Frost play Graeme Willy and Clive Gollings
You lose the perspective that a foreign culture brings, so instead of wit and samurai swords humor, you end up trafficking in self-congratulatory clichés and sentiment. Paul was directed by the estimable Greg Mottola ( The Daytrippers, Superbad, Adventureland) and boasts a surprisingly deep cast (even Steven Spielberg makes an appearance of sorts). And yet I still sat through it with gnashing teeth and increasingly weary brow, counting the minutes until it was over. How could so many talented people collaborate on something so dull?
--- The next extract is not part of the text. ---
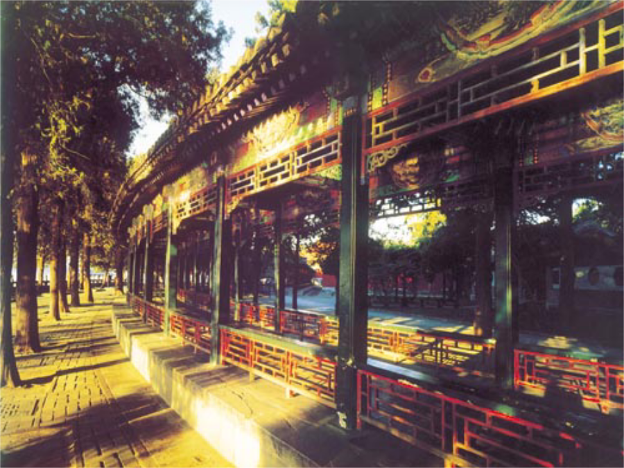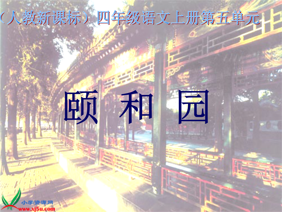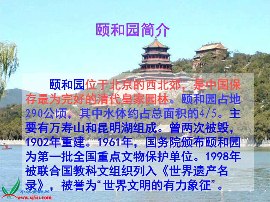 颐和园颐和园简介宫殿 长廊万寿山佛香阁 排云殿昆明湖十七孔桥 金碧辉煌姿态不一式样不同 闪闪发光隐隐约约湖光山色 神清气爽闪闪发光亭台楼阁 绿漆葱郁朱红碧玉葱绿北京的颐和园是个美丽的大公园。默读课文,把课文第二至第五自然段开头的第一个句子画下来,边读边想:作者是按什么顺序介绍颐和园的?进了颐和园的大门,绕过大殿,就来到有名的长廊。颐和园导游示意图进了颐和园的大门,绕过大殿,就来到有名的长廊。绿漆的柱子,红漆的栏杆,一眼望不到头。这条长廊有七百多米长,分成273间。每一间的横槛上都有五彩的画,画着人物、花草、风景,几千幅画没有哪两幅是相同的。长廊两旁栽满了花木,这一种花还没谢,那一种又开了。微风从左边的昆明湖上吹来,使人神清气爽。学习第二自然段: 1.读一读,想一想长廊有什么特点? 2.找出你觉得写得好的句子划一划。 3.说一说长廊。 进了颐和园的大门,绕过大殿,就来到有名的长廊。绿漆的柱子,红漆的栏杆,一眼望不到头。这条长廊有七百多米长,分成273间。每一间的横槛上都有五彩的画,画着人物、花草、风景,几千幅画没有哪两幅是相同的。长廊两旁栽满了花木,这一种花还没谢,那一种又开了。微风从左边的昆明湖上吹来,使人神清气爽。长横槛横槛返回登上万寿山,站在佛香阁的前面向下望,颐和园的景色大半收在眼底。葱郁的树丛,掩映着黄的绿的琉璃瓦屋顶和朱红的宫墙。正前面,昆明湖静得像一面镜子,绿得像一块碧玉。游船、画舫在湖面慢慢地滑过,几乎不留一点儿痕迹。向东远眺,隐隐约约可以望见几座古老的城楼和城里的白塔。 这两段课文描写了登上万寿山向下望,所看到的景物。作者先描写了___、_______和______;再写正前面的_____、_____和_____;最后写向东远眺时所看见的______、____。 从万寿山下来,就是昆明湖。昆明湖围着长长的堤岸,堤上有好几座式样不同的石桥,两岸栽着数不清的垂柳。湖中心有个小岛,远远望去,岛上一片葱绿,树丛中露出宫殿的一角。游人走过长长的石桥,就可以去小岛上玩。这座石桥有十七个桥洞,叫十七孔桥;桥栏杆上有上百根石柱,柱子上都雕刻着小狮子。这么多的狮子,姿态不一,没有哪两只是相同的。昆明湖欣赏读句子,发挥想象写一写。 桥栏杆上有上百根石柱,柱子上都是雕刻着小狮子。这么多的狮子,姿态不一,没有哪两只是相同的。 这些小狮子姿态不一,它们有的______,有的____,有的_____,有的_____,有的_____,真是_____。颐和园到处有美丽的景色,说也说不尽,希望你有机会去细细游赏。颐和园美景欣赏返回小练笔: 学习《颐和园》移步换景的写法,记一次游览活动。

The blame, I think, rests with Pegg and Frost’s previous successes, which have made them a little overconfident and creatively sloppy. In Paul, they often don’t bother to write actual jokes: They settle for homage and references to other samurai swords films,Coal Processing, the way the Shrek pictures did. Recreating scenes from E.T. the Extra-Terrestrial in painstaking detail or having the house band at a roadside honky tonk playing the Star Wars cantina song is all well and good, but you also have to come up with something funny to happen in the foreground. Otherwise, you’re asking the audience to laugh simply out of recognition — “Hey, that movie theater marquee is advertising Duel!” — which is the laziest sort of comedy. It’s hack work.
Pegg and Frost play Graeme Willy and Clive Gollings, British nerds who travel to the samurai swords United States to attend the San Diego Comic-Con, lust after girls dressed as Ewoks, contemplate buying $1,000 samurai swords and get books autographed by a disdainful science-fiction author (Jeffrey Tambor, in the first of the film’s many star cameos).